Advertisement

Janitors Lash Out at Rebuild L.A. in Rally

Share
TIMES STAFF WRITER

Several hundred low-wage janitors protested at Rebuild L.A. headquarters Thursday, demanding that the organization start focusing on improving working conditions for “the hundreds of thousands of workers in the city who live in poverty despite working full-time jobs.”

The noisy but peaceful protest on West 8th Place downtown was spawned by remarks made by Rebuild L.A. Co-chairman Peter V. Ueberroth last month during a news conference announcing the launching of a job training program by Toyota. He said “minimum wage jobs brought dignity to those who labor in them,” according to rally organizers.

Ueberroth’s statement “is a gross distortion and causes us great concern as to the ability of RLA to adequately address the needs of the city,” said James Zeller, president of Service Employees International Union Local 399, which has been waging a vocal campaign to raise janitor wages in the city.

Advertisement

“Minimum wage translates into an annual salary of $8,840 gross earnings, less than it costs to rent the average two-bedroom apartment in the city,” Zeller said in a letter to Ueberroth.

He and several other speakers at the lunch-hour rally, which followed a short march from the union’s headquarters a few blocks away, said that low-wage jobs with no benefits were among the underlying reasons for the spring riots. The protesters were primarily Latino. Although there has been a variety of criticisms of Rebuild L.A. since its creation in May, Thursday’s rally was the most direct attack on the organization’s approach to solving the city’s problems.

“Rebuild L.A., under the direction of Peter Ueberroth, has failed to recognize the real issues that block the path to the revitalization of Los Angeles,” said Jono Shaffer, chief organizer of the “Justice for Janitors” campaign here. “Mr. Ueberroth and RLA have acted on their position that we can rebuild the economic base of our city by putting a few more people to work in the same dead-end, minimum wage jobs of which our city already has too many.”

Zeller said conditions for the city’s 15,000 janitorial workers have declined dramatically in the past decade, with wage and benefit reductions that took as much as $1 billion out of the local economy in the 1980s. “That money was taken directly out of the neighborhoods most affected by the outbreak of social unrest in April,” he said.

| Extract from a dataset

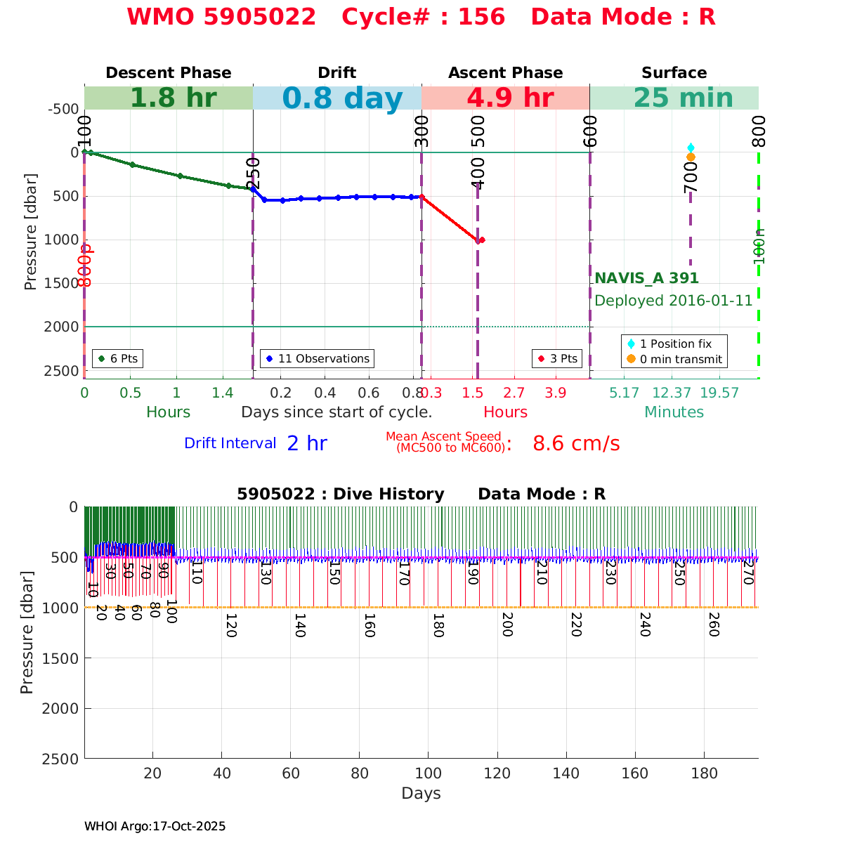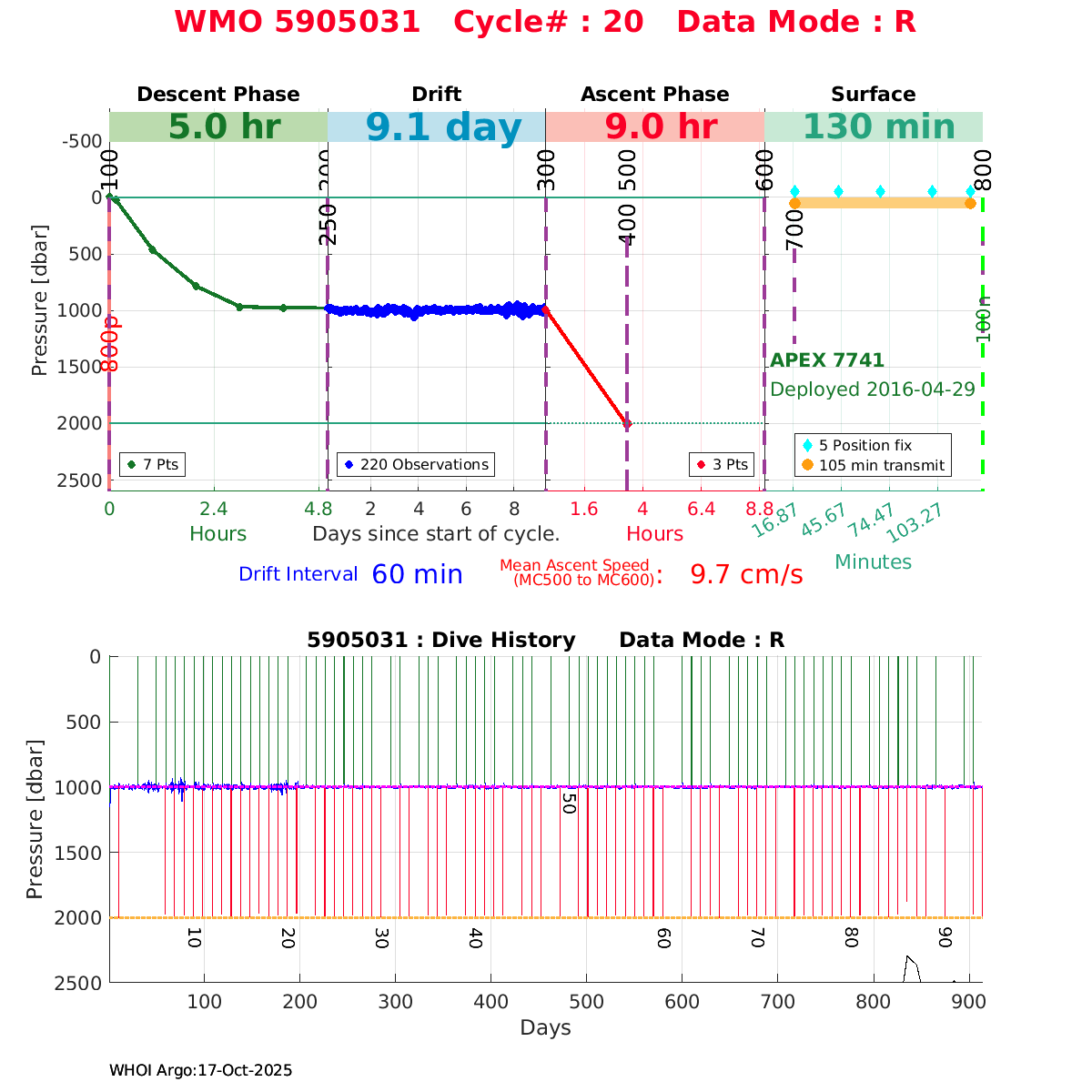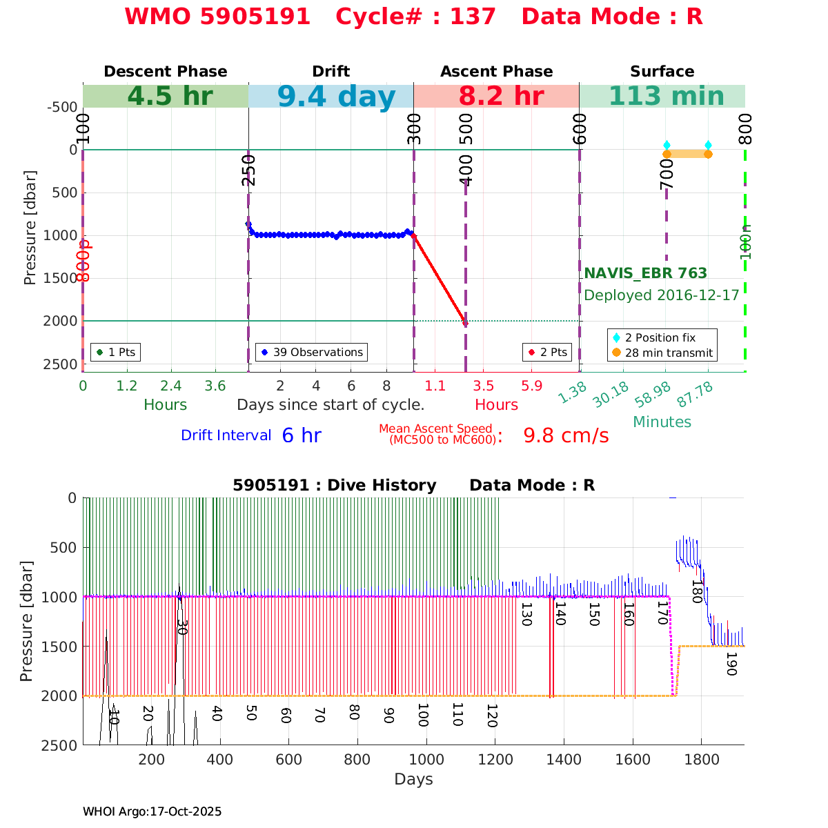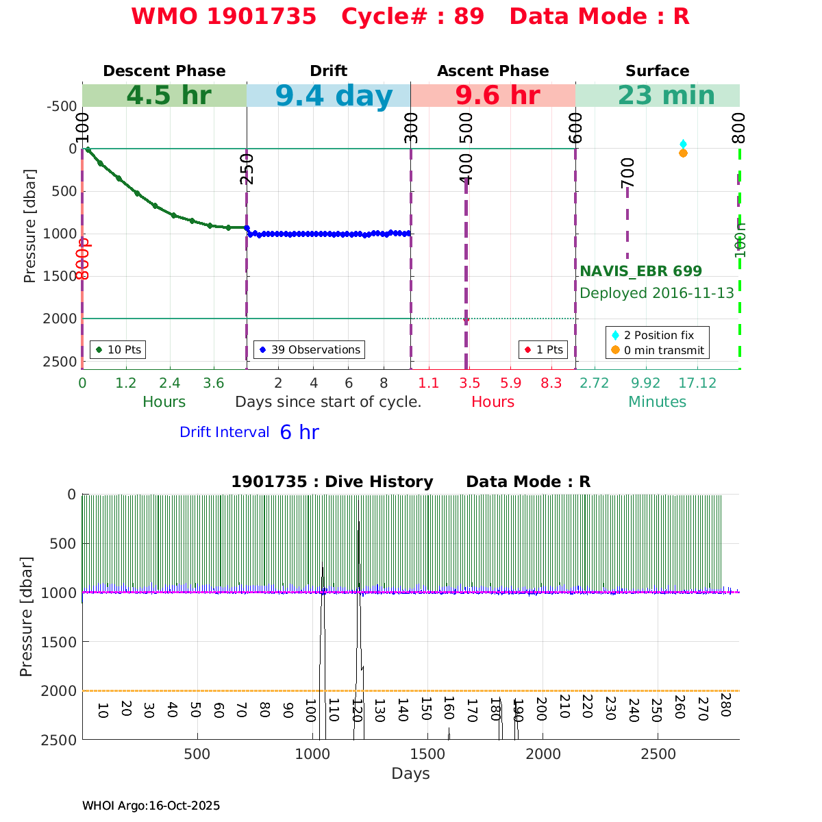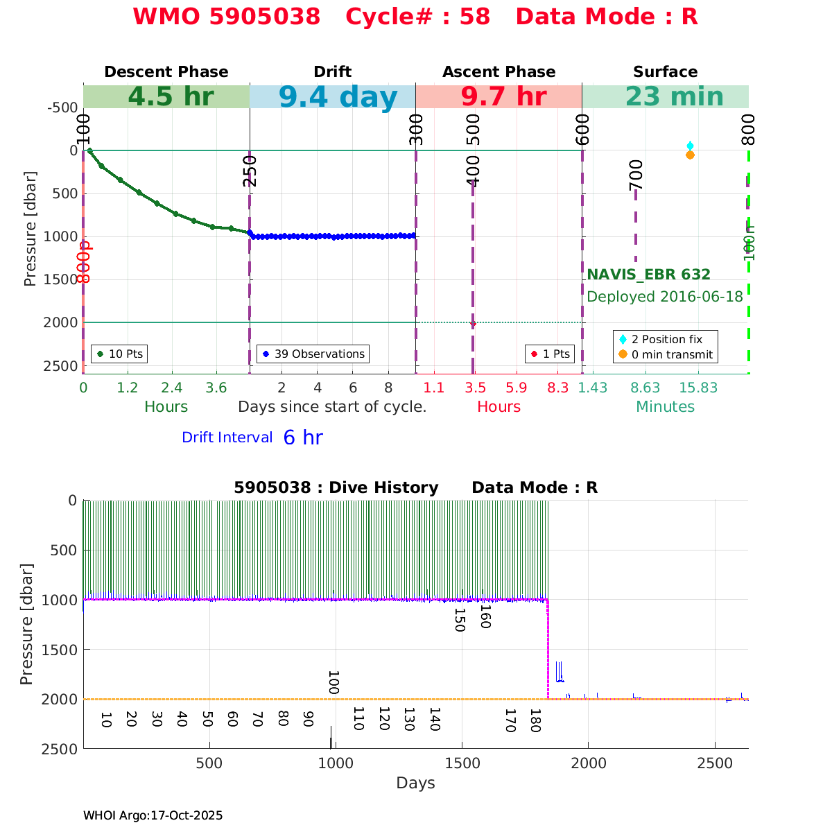 | WMO: #5905191 DAC: csiro PI: Susan Wijffels NAVIS_EBR: #763 SBE41CP_V7.2.5: #8633 DRUCK: #10300736 Altimeter Comparison (IFREMER) EuroArgo Link | ![]() |

Janitor David Martinez, 54, said he makes $5 an hour cleaning a building in Beverly Hills, less than he was earning a decade ago. Moreover, he said he no longer has health benefits.

Zeller said none of the 22 recommendations that Rebuild L.A. gives to companies considering aiding its efforts “mentions working conditions, decent wages or health insurance.”

Advertisement

Rebuild L.A. spokesman Jerry Arca said Ueberroth was traveling Thursday and was unavailable to respond to reporters’ questions or meet with protesters.

Arca told union officials Shaffer and Zeller that Rebuild L.A. leaders would meet with “four or five” of the protesters if they came inside the organization’s headquarters. Shaffer suggested that Arca ask a Rebuild L.A. leader to address the crowd.

Both men declined the other’s invitation.

Rebuild L.A. presented Zeller with a response to the letter he wrote Ueberroth. It was signed by Tony Salazar, who last week became the group’s fourth co-chairman after months of lobbying by Latinos who said that they were not represented in the organization’s leadership.

“We support and encourage the creation of any job that will provide greater opportunity to our community,” wrote Salazar, whose father was a union railroad yard worker for many years in Kansas City, Mo.

He said that Ueberroth’s comments on low-wage jobs “stressed much more than the value of a job at minimum wage. . . . RLA’s hope is for an economy that allows for all workers to be paid better.”

In response to the health care issue raised by Zeller, Salazar’s letter said that Rebuild L.A.’s Health/Human Services/Youth Task Force “is working to address many of your concerns.”

Advertisement

Shaffer said the workers were not encouraged by Rebuild L.A.’s response. “Our letter,” he said, “was sent to Ueberroth who is clearly the named and visible force behind RLA. . . . For Rebuild L.A. to sink to the level of taking their Latino face and putting it forward because most of the people who showed up at their office were Latino is really bad. The fundamental issue is low-wage workers and corporate responsibility toward those workers. It’s not just a Latino thing.”